"..hills near the sea high, lookd at a distance not unlike Mores or heaths in England but when you came nearer them were coverd with small trees; some few flatts and valleys lookd tolerably fertile. At noon a fire and some people were seen. After dinner came to an Anchor and went ashore. The countrey was hilly and very stony affording nothing but fresh water, at least that we found, except a few Plants that we had not before met with"
This week one resident socially descended from those forebears seen from the Endeavour noted Djillibirri (Cape Grafton) is the land base for at least 4 classic Gungganyji 'country' estates being lived upon, burned, and effectively 'farmed' when the Endeavour anchored there back in 1770, being classic family estates that have continued being lived upon, burned, and effectively farmed by those estate holders down through the centuries into the present.
Next week at least one of the Djillibirri family estate holders will be working through and reviewing the current draft Yarrabah planning scheme, and while the outcomes of this review are still unknown, there is no doubt those estateholders will be surprised:
- to find their entire estate/s are proposed to be zoned conservation rather than rural, or perhaps Aborignal estate, without their prior knowledge
- to find estates they have been burning, hunting, and farming almost forever, are about to be regulated via broad scaled remote sensing to be bushfire hazard areas which they will only be able to occupy and use under the strictest of prescribed, non-indigenous bushfire protection measures
See copy of the draft Yarrabah Shire Council's "Bushfire Hazard Overlay" mapping below, to see how much of local native title holders' estates and fire stick farming areas are proposed restricted living 'Bushfire Hazard' areas.

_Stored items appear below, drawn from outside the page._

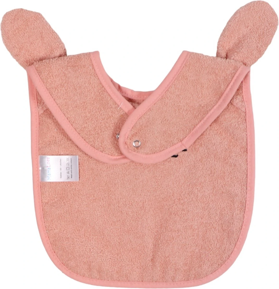 Ce bavoir a un joli dessin de lapin. Donc, ce n’est pas seulement pratique, mais aussi très joli ! Vous attachez le plastron avec les boutons pression dans le cou.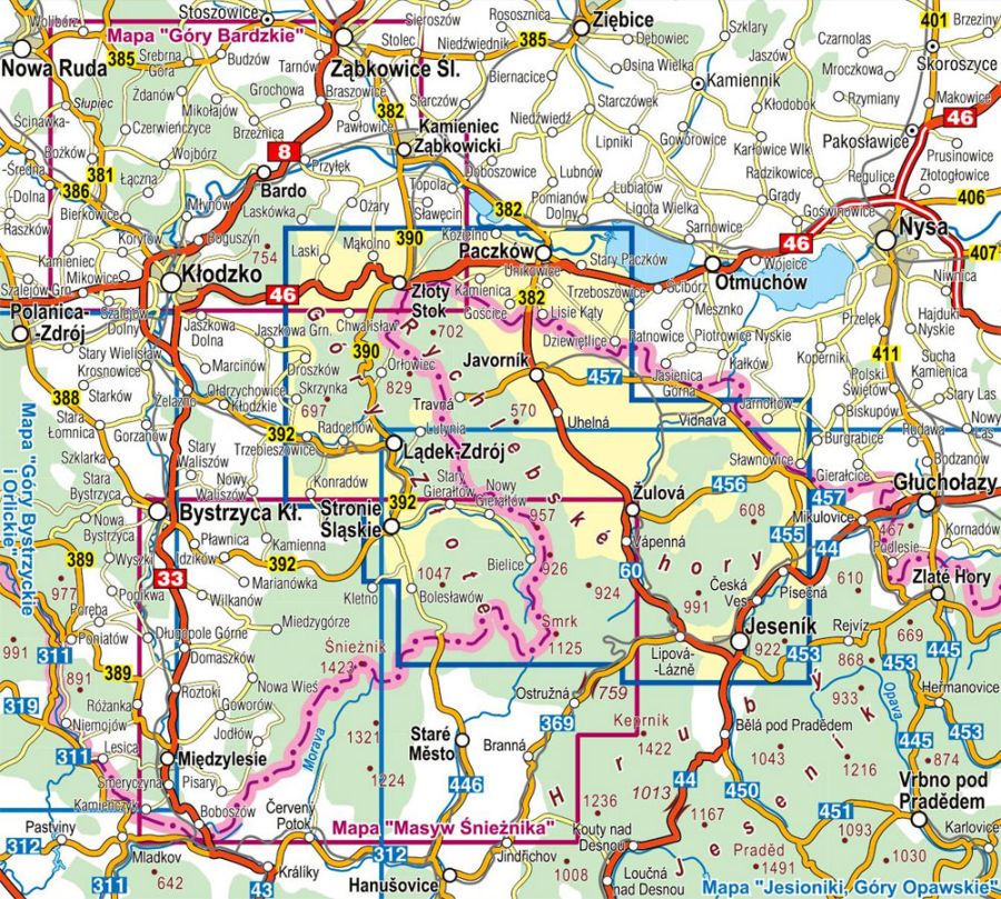 Zasięg mapy wyznaczają: Złoty Stok i Paczków na północy, Trzebieszowice na zachodzie, Jesenik na południu i Sławnowice na wschodzie.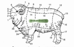 1-тұмсығы; 2- маңдайы; 3- көзі; 4 көз ойығы; 5-құлағы; 6- мүйізі; 7- желкесі; 8-мойыны; 9-шоқтығы; 10- жотасы; 11- белі; 12- құйымшағы; 13- құйрығы; 14- бұғанасы; 15-қабырғасы; 16-саны; 17-құрсағы; 18- алдыңғы аяқтары; 19-артқы аяқтары; 20- дорбасы; 21-білек сүйегі; 22-серіппелі буын; 23-өкпе сүйегі; 24-табан сүйегі; 25-тұяқтары.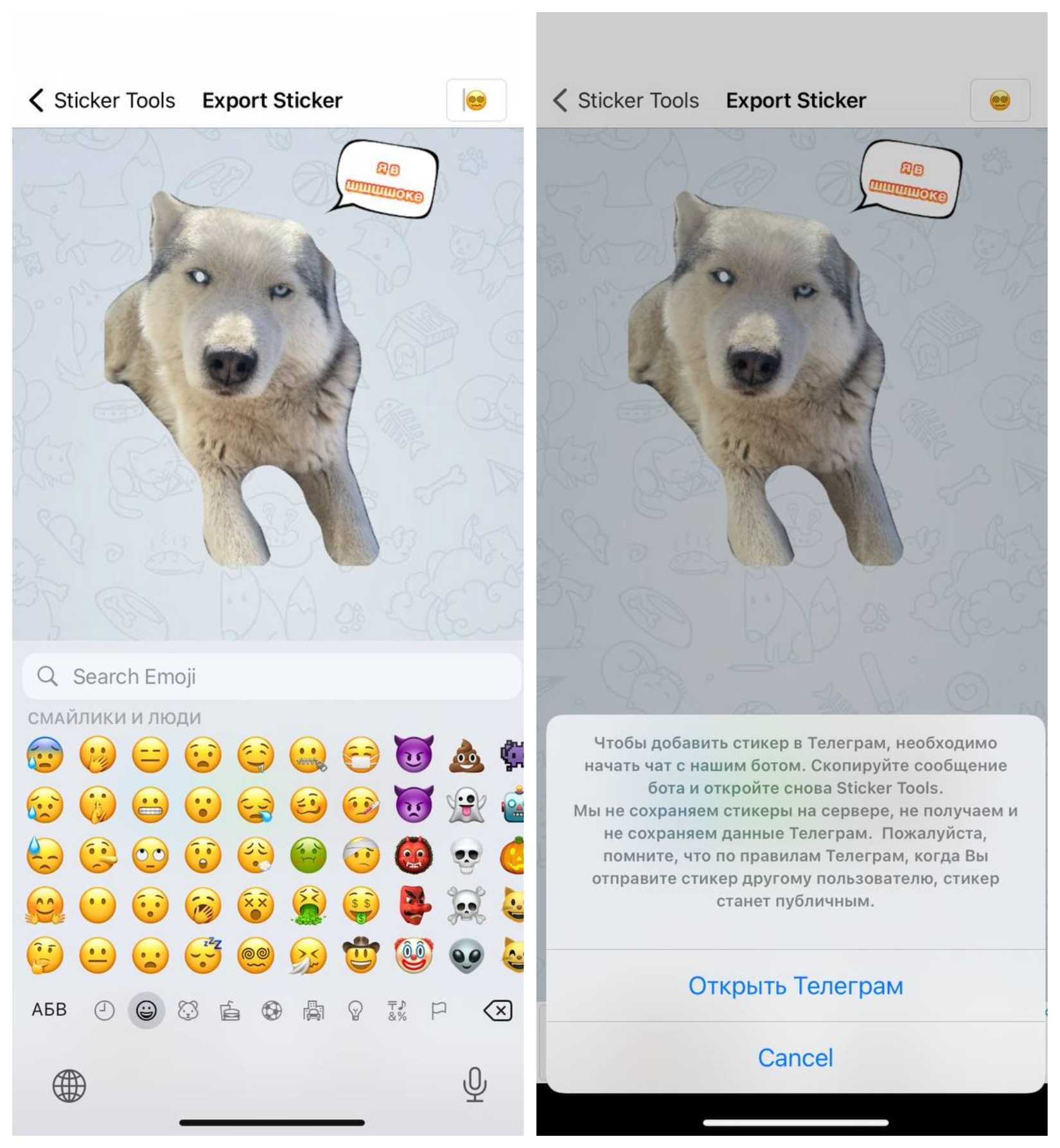 Отправка ссылки на набор стикеров — не единственный способ поделиться им. Когда вы получаете стикер из набора, не установленного у вас, необходимо просто нажать на него и выбрать «Добавить в стикеры» («Info» на iOS) для просмотра и добавления всего набора.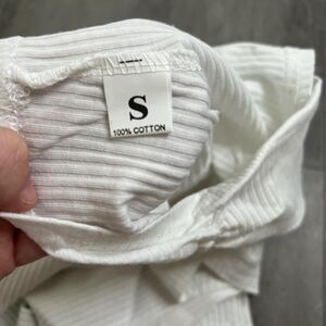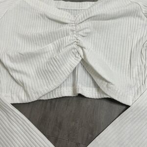 Off Shoulder Ribbed/Ruched Crop Long Sleeve Shirt White Size Small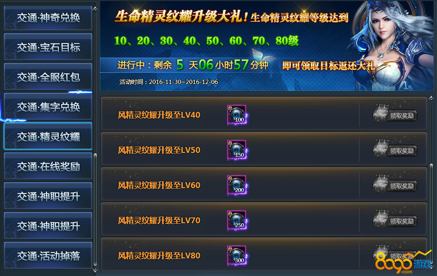 风精灵纹耀升级至LV80,即可领取300个精灵纹耀石;

It is interesting to note that family estates have been burned, fire-stick farmed, and kept well since Joseph Banks on the 9 June 1770 sampled (and taxonomically labelled) the biodiversity of those estates. It is surprising planners and the State Department contracting those planners who specialize in statutory planning for Aboriginal Shires and Aboriginal lands do not seem to be able to see these areas treated and managed as rural farming estates within the Yarrabah Council's proposed first ever statutory planning scheme.
It is also interesting :
i. to compare remotely sensed bushfire hazard mapping mapping and overlays for the neighboring Cairns Region which does NOT seem to regulate vast tracts of sugarcane fields as bushfire hazards where it has not been uncommon for those estates and grass fields to be burned.
ii. to observe that many of the Yarrabah estate holders have themselves worked and assisted burn the sugarcane fields and may themselves come to wonder and speculate as to why it is family estates and 'fire-stick farming' in the Cairns regions appear to be exempted from bushfire hazard regulation, and their own much older family estates and fire-stick farming in Yarrabah Shire are not similarly able to be exempted?
Finally, it is interesting to note that the Sovereign Union website ("Asserting Australia's First Nations Sovereignty into Governance") has a specific webpage on fire-stick farming in North Queensland (possibly constituting a sovereign right) in an article entitled "Research suggests First Peoples were firestick farming in North Queensland for up to 140 000 years"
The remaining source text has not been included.